All patient information, including fingerprints and residential addresses, will be recorded on a single database, the National Health Information System.


Doctors and hospitals will have to adhere to certain treatment protocols and guidelines determined by the minister and fund, and will prescribe medicine and health products from a “formulary” or a list provided by the government.

All medical professionals will have to adhere to a single national pricing regimen.

The minister has been empowered by the bill to make regulations that payments are conditional to meeting quality standards of care, “or the achievement of specified levels of performance”.

The minister can also determine how an individual health worker will be paid.

Private medical aids

The NHI Bill makes a one-sentence mention of the role of private medical schemes. It says that once it is fully implemented medical schemes may only offer complementary cover for services not reimbursable by the NHI Fund.

The target date for full implementation is 2026.

Asylum seekers and what the bill describes as “illegal migrants” will only be entitled to emergency medical services and “services for notifiable conditions of public health concern” (contagious diseases).


NHI will be implemented over three phases, according to the bill.

The first, which sought to pilot “health system strengthening activities”, supposedly took place between 2012 and 2017.

The second phase, scheduled from 2017 to 2022, seeks to continue these undefined health system strengthening activities; develop NHI legislation and amendments to other legislative documents; establish institutions that will act as the foundation for a fully functional NHI Fund; and purchase personal healthcare services for vulnerable groups.

The third phase is scheduled for between 2022 and 2026, during which the establishment and operationalisation of the fund as a purchaser of healthcare services must be completed.

The article by Katharine Child was first published by Tiso Blackstar on Aug 8.

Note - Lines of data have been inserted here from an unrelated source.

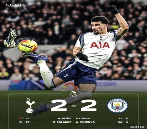 曼城客场2-2战平热刺,6轮仅1胜积47分位居第2,距榜首阿森纳6分。热刺联赛6轮不胜,积29分名列第14。谢尔基首开纪录,塞梅尼奥扩大比分,哈兰德和B席助攻,索兰克双响+蝎子摆尾扳平。
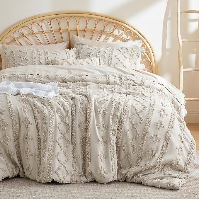 Amazon Prime Members, Bedsure Tufted Boho Comforter Set on sale in all sizes and in various prices! The pictured Queen size, - Linen Boho Bedding Comforter Set, 3 Pieces Farmhouse Shabby Chic Embroidery Bed Set, Soft Jacquard Comforter for Women Men Girls, for just $42.00 after you clip the extra 10% off coupon! Click HERE
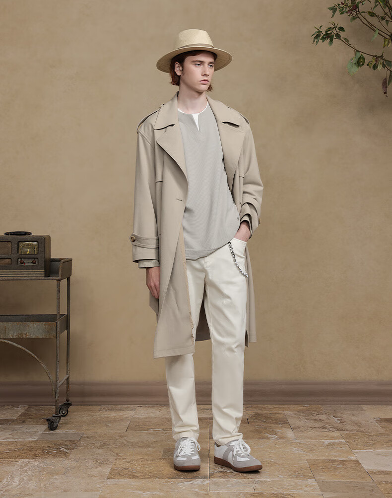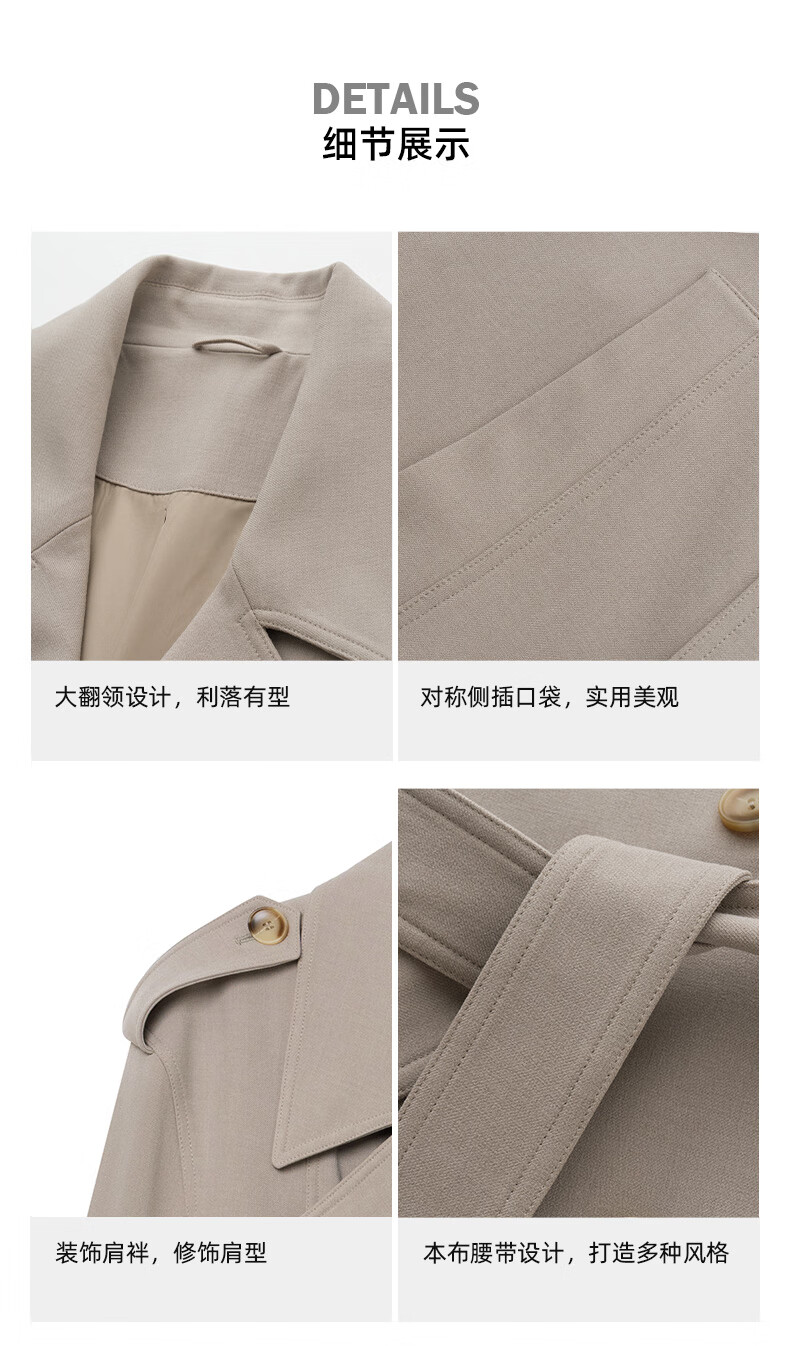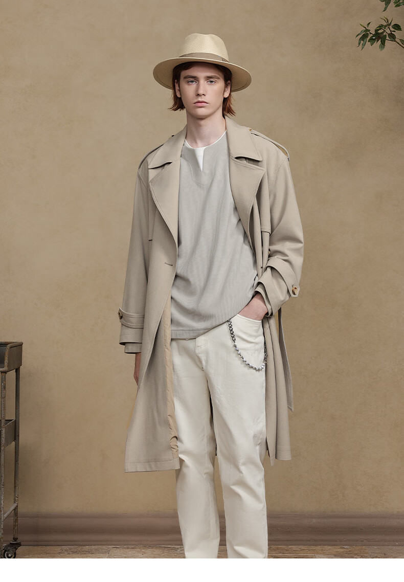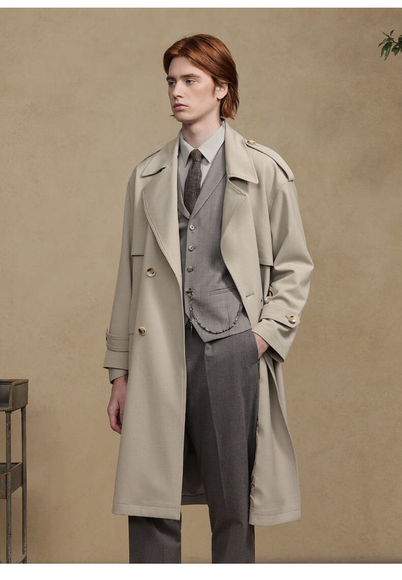 Jiedifan JDV men's clothing store same style autumn new light brown double-breasted windbreaker lace-up jacket WCW4453 light coffee L 175/100C(02)

With an aim to provide universal healthcare and increase taxes, there was extreme national interest in the future of the National Health Insurance (NHI) bill as it affected every South African. This was the first time the bill, which had been planned for years, was making it close to becoming law and ending years of mystery. Coverage by Times Select and TimesLIVE began in July, when it was clear it had been approved by senior members of the government. Hours before the proposed law was even released at midday on Aug 8, a team of reporters from Times Select, Tiso Black Star broke down the implications of the bill at 5am on the same day. With the help of political reporter Amil Umraw, Times Select scored a copy of the country’s new draft NHI plan from a senior trustworthy source the day before it was made public. The team then deciphered 88 pages of jargon and published the story with clear explanations of what was to come for readers from a middle class background. It suggested that health insurance would end as the middle class know it, leaving unanswered questions regarding their access to healthcare. Some of the flaws raised by the report include how it was unclear that bureaucracy will fix the health system as well as the lack of evidence that the ideas suggested were viable. Times Select was the first news website to lay out the government’s plan, which was widely condemned by economists and health experts as being unimplementable, poorly thought out and not designed to fix the broken state health system. In the follow-ups published on Times Select and TimesLIVE, the papers wrote about loopholes and a lack of clarity in the bill, which the department of health never addressed. The team also interviewed the man in charge of the office meant to deliver NHI to give readers real information – continually.